*** COLLECTED MATERIAL Section Begins ***
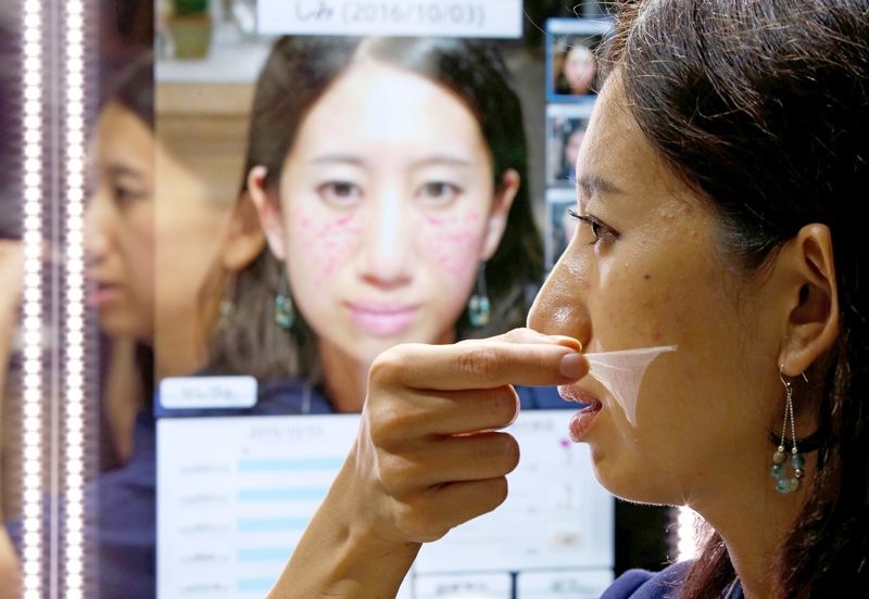 パナソニックが展示したメーキャップシート。鏡台のセンサーが人によって異なる肌の状態を分析し、専用プリンターがシミや毛穴に合わせたシートを印刷する(ロイター/アフロ)
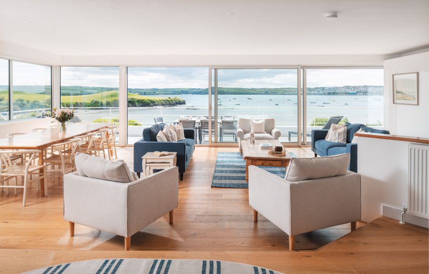 There is parking directly outside Mullets. Pass through wooden gates to the front door which takes you into the upper level of the property involving two steps. The back door entry from the drive into the playroom is more accessible. The first floor has a large open-plan living area with kitchen, dining area and lounge. There are a couple of steps between the kitchen area and the lounge. You’ll find two bedrooms on the first floor: one with an en-suite bathroom and one with a wet room adjacent. From the lounge you can access the large balcony with views over Porthilly Cove and the Camel Estuary.
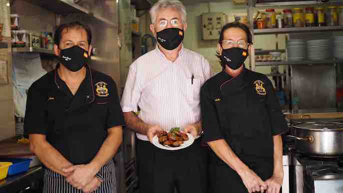 Entramos en faena y vamos hasta la cocina, donde nos espera Jesús, jefe de cocina del mesón, y Rafi, hermana de Pepe y de Manolo, el otro fundador del restaurante (ya retirado). Ellos se ocupan de prepararlo todo, prender el fuego y darle movimiento a esos fogones. Nos dan unas orientaciones sobre qué se necesita para preparar unas berenjenas que se le parezcan algo a las que se sirven aquí: berenjenas, un diente de ajo, medio vaso de cerveza, medio vaso de agua, una cucharada y media de harina de repostería, una cucharada pequeña de levadura y un poco de sal, pimienta y perejil, para rematar.
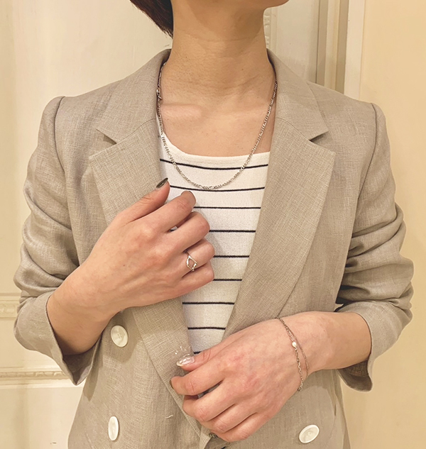 ブレスレットは大きめのチェーンなので甘くなりすぎず、カジュアルなスタイルにも合わせて頂けますよ。
*** COLLECTED MATERIAL Section Ends ***
## REQUIRED ACTION
Only the listing above, set down exactly and without pictures, belongs in the answer.

## EXERCISE SOLUTION
 パナソニックが展示したメーキャップシート。鏡台のセンサーが人によって異なる肌の状態を分析し、専用プリンターがシミや毛穴に合わせたシートを印刷する(ロイター/アフロ)
 There is parking directly outside Mullets. Pass through wooden gates to the front door which takes you into the upper level of the property involving two steps. The back door entry from the drive into the playroom is more accessible. The first floor has a large open-plan living area with kitchen, dining area and lounge. There are a couple of steps between the kitchen area and the lounge. You’ll find two bedrooms on the first floor: one with an en-suite bathroom and one with a wet room adjacent. From the lounge you can access the large balcony with views over Porthilly Cove and the Camel Estuary.
 Entramos en faena y vamos hasta la cocina, donde nos espera Jesús, jefe de cocina del mesón, y Rafi, hermana de Pepe y de Manolo, el otro fundador del restaurante (ya retirado). Ellos se ocupan de prepararlo todo, prender el fuego y darle movimiento a esos fogones. Nos dan unas orientaciones sobre qué se necesita para preparar unas berenjenas que se le parezcan algo a las que se sirven aquí: berenjenas, un diente de ajo, medio vaso de cerveza, medio vaso de agua, una cucharada y media de harina de repostería, una cucharada pequeña de levadura y un poco de sal, pimienta y perejil, para rematar.
 ブレスレットは大きめのチェーンなので甘くなりすぎず、カジュアルなスタイルにも合わせて頂けますよ。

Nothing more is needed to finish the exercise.